ブロックチェーン(分散型台帳技術)基盤のソリューションを提供するレシカは6月26日、千葉大学医学部附属病院検査部・遺伝子診療部研究チームとの共同研究により、医療従事者間または医療従事者と患者間において、患者の診療データを所有・共有する仕組みを開発した。研究内容は、文部科学省基盤研究事業・研究課題の「中央集約型と分散型の併用による医療情報共有のためのトラスト(信頼関係)の評価法」(研究代表者:松下一之)。また今回の検証では、千葉大学医学部発のゲノム・DNA解析ベンチャーのゲノムクリニックが遺伝子データを提供した。
同研究では、将来的に医療業界において医療従事者同士や医療従事者と患者間での医療データの情報共有が進んでいくこと、さらに診療情報のデータ化に伴う患者自身による診療データの保持が進められていくとしている。今回の取り組みの初期段階において、レシカは、秘匿性の高い診療情報が改ざんされることなく、限定された者のみが情報にアクセスできること、また誰がアクセスしたかという履歴について透明性を持って検証できる仕組みとして、ブロックチェーン技術を活用したPoC(概念実証)アプリケーションラットフォームを開発した。

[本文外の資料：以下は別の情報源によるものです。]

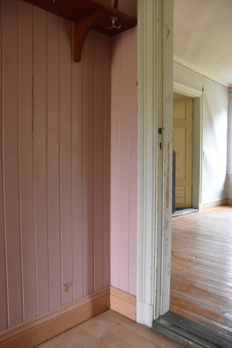 Titel: Interiör från korsplanshuset på Nygårdsgården i Bingsjö. Hallen på bottenvåningen med tillhörande trappor till källare och övervåning. Huset uppfördes 1912.
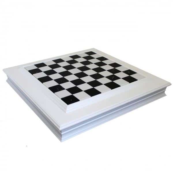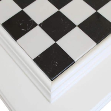 Das Schachbrett hat die Maße 50 x 50 cm und besteht aus Marmor und lackiertem Holz mit einem profilierten Rahmen. Die weiße Oberfläche harmoniert mit dem wunderschönen Schachbrett aus schwarz-weißem Marmor. Das Marmorbrett lässt sich anheben, um ein individuelles Aufbewahrungsfach für jede Figur zu zeigen.
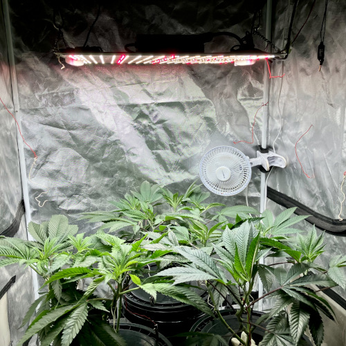 Removed the last of the thinner stems from BK. Some fan leaves needed to be removed from the top. Feeding at 20×70.
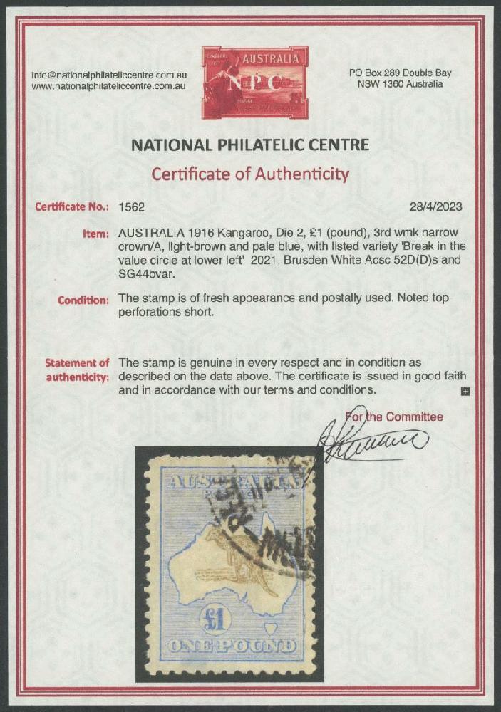 | Zusatzinformationen und Suchstichworte: | 253. Abacus Auktion 19. - 22. September 2023 Los 1098 Australien - Känguruhs - drittes Wasserzeichen £1 braun und blau mit zerbrechen zu Lower-Left von Value-Circle ACSC 52 (D) s, sehr gut zentriert, kurze Zähne oben, Melbourne Kreisdatumsstempel gut nicht auf der Abart, Katalogwert $3500. NPC Attest (2023) Ausruf 380,00 AUS |
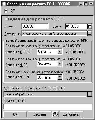 Рис. 5.6. Диалоговое окно Сведения для расчета ЕСН
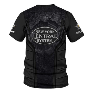 Railspirit Personalized New York Central Railroad T-Shirt Cracked Metal Design Train Shirt for Rail Enthusiasts

ブロックチェーン技術について、患者自身による医療データの安全な管理、かつ第三者との共有を両立可能にするインフラと位置付けており、医療情報へのアクセス権限に関して、医療従事者などへの信頼度(トラスト)を患者本人が設定することを特徴として挙げている。
今後レシカは、同プラットフォームをベースとした医療現場への実サービス活用、医療に限らず患者のクオリティオブライフ(QOL)を高めるユースケースを検討していく。外部の医療機関および企業の関係者と新たなアプリケーションを開発し、患者の幅広い診療データの有効活用と安全な共有を目指していく。